According to the initial parameters of the current node in the current iteration and the reference parameters of the group of iterations, the parameters of the current node in the group of the model in the current iteration include:

Use the following formula to obtain the parameter Φ k,t of the current node in the group of this iteration;

Φ k,t = Ψ k,t-1 +2u k r k,t (d k,t -r k,t w k,t-1 )
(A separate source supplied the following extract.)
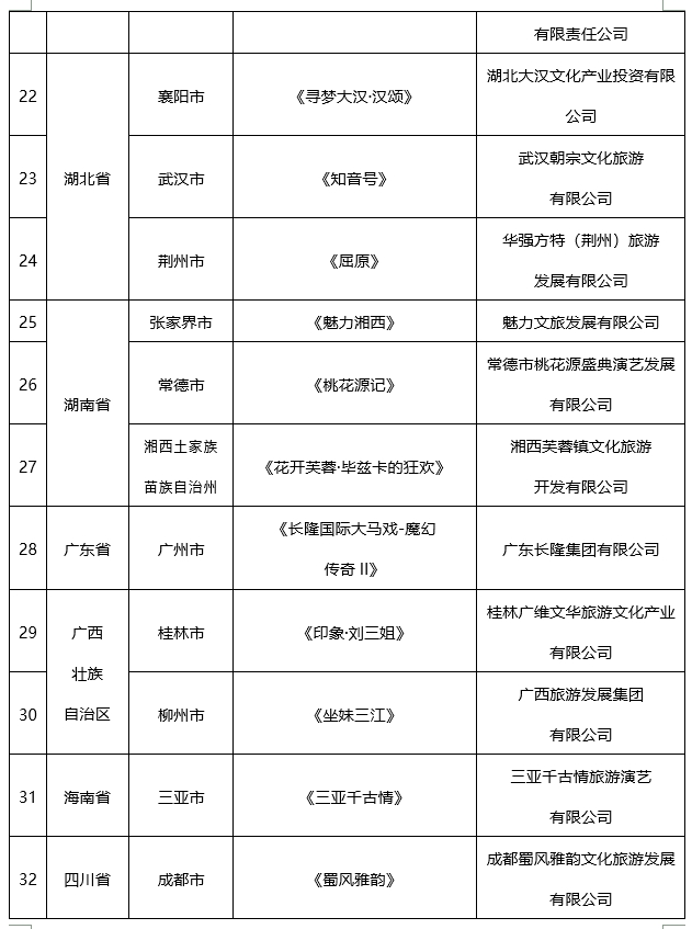 央廣網(wǎng)北京9月27日消息 據(jù)文化和旅游部網(wǎng)站消息,為堅持以文塑旅、以旅彰文,推進(jìn)文化產(chǎn)業(yè)和旅游產(chǎn)業(yè)深度融合發(fā)展,根據(jù)《文化和旅游部產(chǎn)業(yè)發(fā)展司關(guān)于開展全國旅游演藝精品名錄申報工作的通知》部署,在各省級文化和旅游行政部門推薦申報基礎(chǔ)上,經(jīng)專家評審和綜合研究,文化和旅游部產(chǎn)業(yè)發(fā)展司確定了全國旅游演藝精品名錄入選項目名單,現(xiàn)予以公布。
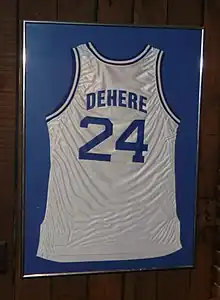 Dehere played for Seton Hall from 1989 until 1993, where he had held the school and conference record with 2,494 career points, as well as school career records for 3-point field goals made and 3-point field goals attempted.[3] Dehere also holds single season records for 3-point field goals made and 3-point field goal percentage.[4] He was named Big East Player of the Year in the 1992–93 season, as well as Conference Tournament MVP.

Where u k , r k,t and d k,t are reference parameters of this iteration, where u k represents a weighting factor; r k,t represents a random factor; and d k,t = r k,t ·ρ+v k,t , the ρ is a hyperparameter, and the v k,t is a random parameter.
The method according to any one of claims 4 to 8, wherein the model parameters obtained from the previous iteration of itself and the reference parameters of this iteration are used to obtain the current node after the initial parameters of this iteration, The method also includes:

Use preset noise to add noise to the initial parameter of the current node in this iteration, and update the initial parameter after noise addition to the initial parameter of the current node in this iteration.
The method according to claim 9, wherein the use of preset noise to add noise to the initial parameters of the current node at this iteration includes:

Adding the preset noise and the number of neighbor nodes in the current node group to the initial parameter of the current node in this iteration
The method according to claim 2, characterized in that, in the current iteration, the in-group parameters of the model and neighbor nodes outside the group of the current node are compared with the current node in the current iteration using the current node After obtaining the model parameters of the model in this iteration, the method further includes:

Use preset noise to denoise the model parameters of the model in the current iteration, and update the model parameters after the noise to the model parameters of the model in the current iteration.
The method according to claim 11, wherein the use of preset noise to denoise the model parameters of the model at this iteration includes:

Adding the preset noise and the number of out-of-group neighbor nodes of the current node to the model parameters of the model for the current node in this iteration
The method according to any one of claims 7 to 12, characterized in that

The preset noise is Laplace random noise; the Laplace random noise is: L(F, ε); wherein, ε is a privacy privacy parameter that satisfies ε, and F is a preset model training The differential privacy sensitivity of the objective function J k .
The method according to claim 2, characterized in that the current node is used in this iteration to compare the in-group parameters of the model and the out-group neighbor nodes of the current node with respect to the current node The weights to obtain the model parameters of the model in this iteration include:

Use the following formula to obtain the model parameters w k,t of the current node for the model in this iteration;

Here, this is the t-th iteration, the k is the sequence number of the current node, the N k represents the sequence number of the out-group neighbor node of the current node, and the cl is the out-group neighbor node l relative to the The weight of the current node. The Φ k,t is the parameter of the current node in the group of this iteration.
A node of a decentralized network is characterized by comprising a processor, a memory and a communication circuit coupled to the processor, wherein,

The communication circuit is used to communicate with other nodes of the decentralized network;

The memory is used to store program instructions;

The processor is configured to execute the program instructions to perform the method according to any one of claims 1 to 14.
A decentralized network, characterized in that the decentralized network includes at least one group of nodes, and each group of nodes includes at least one node according to claim 15.
A storage device, characterized in that the storage device stores program instructions, and when the program instructions run on a processor, the method according to any one of claims 1-14 is executed.